From Digital Book World:
Oyster, the highly anticipated, venture-backed ebook subscription platform for iPhones launched today. The app is available for iPhone devices and will soon be available on other platforms, including the iPad this fall and, later, Android.
The company is launching with 100,000 ebook titles available from publishers such as HarperCollins, Workman, Houghton Mifflin Harcourt and self-publishing distributor Smashwords. The service will cost $9.95 a month to read an unlimited number of books on up to six devices. The number of titles offered through Oyster will be “increasing over time,” CEO Eric Stromberg told Digital Book World.
. . . .
The company declined to share its business model, however — just how authors, publishers and other stakeholders are compensated for making their titles available. The company leadership only told Digital Book World that the model was a “win-win-win,” for rights-holders, readers and the company and its investors.

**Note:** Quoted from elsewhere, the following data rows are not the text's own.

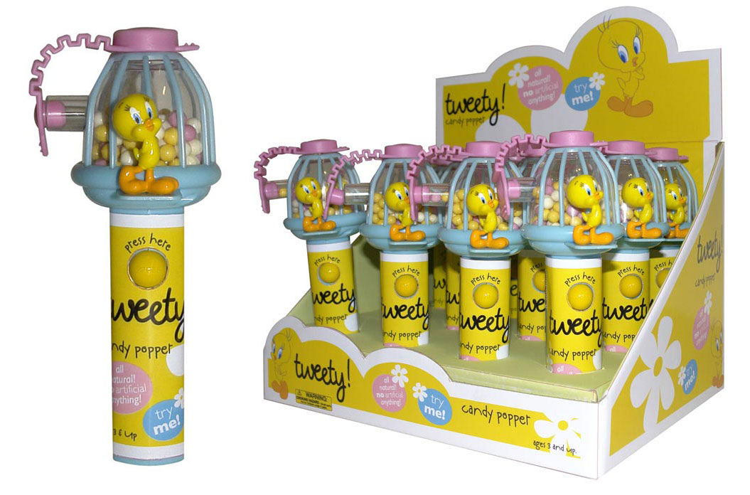Item 4575: Shake it to the left, shake it to the right- Tweety giggles! Lollipop in the handle. All natural, nothing artificial! Packed (6) 12 count displays per case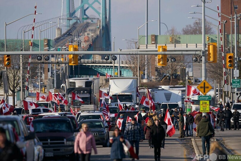 デモ隊は、オンタリオ州ウィンザー(Windsor)と米デトロイト(Detroit)を結ぶアンバサダー・ブリッジ(Ambassador Bridge)などを封鎖。この橋は毎日4万人以上の通勤者や観光客が往来し、両国間の貿易額全体の約4分の1に当たる1日平均3億2300万米ドル(約370億円)相当の商品の運送に使用されている。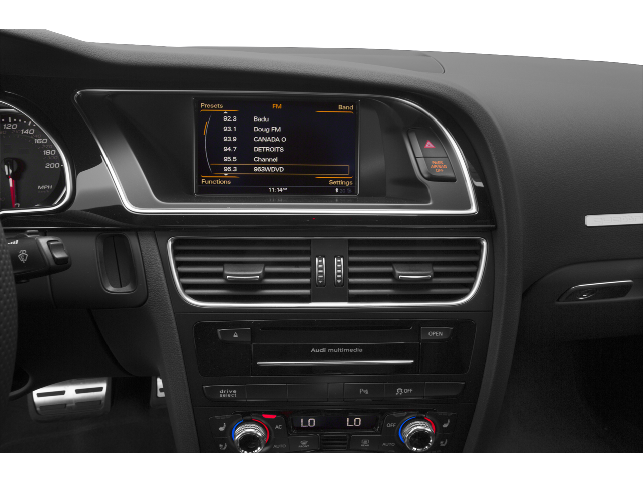- Radio: Audi Concert System w/1CD Player -inc: Bang & Olufsen sound system w/14 speakers and 505 watts includes Dolby Digital 5.1 and noice compensation, DVD capability w/Audi MMI Navigation plus, MP3 capable, AM/FM radio, auxiliary input jack, SD card slot w/32GB capacity for MP3 files, speed-dependent volume control, Audi MMI radio plus system for controlling infotainment/climate/car setup w/6.5" color screen, Audi music interface w/iPOD integration includes one cable for iPod connection, Bluetooth® wireless technology preparation for mobile phone, HD Radio technology and SiriusXM satellite radio (90-day trial subscription)
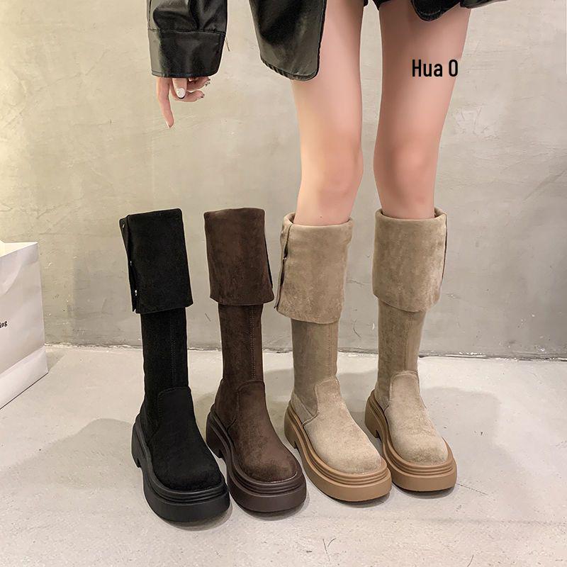 2025 Autumn/Winter Women's Chunky Heel Knee-High Foldable Boots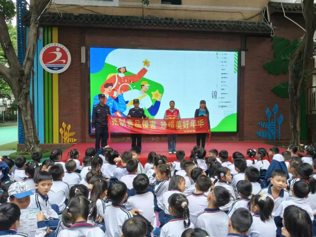 为闲适禁毒示范创建效果,强化学生自我保护意志,擢升其安全防护智力,近日,在海珠禁毒大队的专科带领下,海幢街谈吉祥法治办(禁毒)紧扣辖区中小学校开学机会,勾搭海幢派出所、广州市心明爱社会责任作事中心“启帆之家”海珠区禁毒社劳动事神气,区分走进广州市海珠镇泰实验小学以及广州市第五中学,开展禁毒进校园宣传手脚。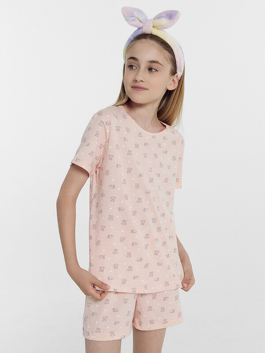 Пижама для девочек. Выполнена из трикотажной кулирки. Состоит из футболки и шортиков. Футболка свободная, с круглой горловиной, короткими рукавами. Шорты свободные, длиной до колен, пояс с эластичной тесьмой внутри. В такой пижамке сны будут действительно приятными!

“It was a very hard problem that involved understanding the needs of authors, publishers and consumers,” said Stromberg, citing that he believes Oyster has it solved due to months of strategizing and in-house know-how from employees like Matt Shatz, who had been a vice president of digital at Random House.
. . . .
One enticing proposition for publishers around this new distribution model is the possibility of exposing readers to new authors and new books they may not discover anywhere else. Oyster, for instance, will use a combination of editorial, social and algorithmic recommendations to suggest new titles to readers.
Link to the rest at Digital Book World
PG generally likes new technology and business models, but declining to disclose how authors will be compensated makes him very uncomfortable. Generally new tech startups are anxious to explain how everybody wins under their business models.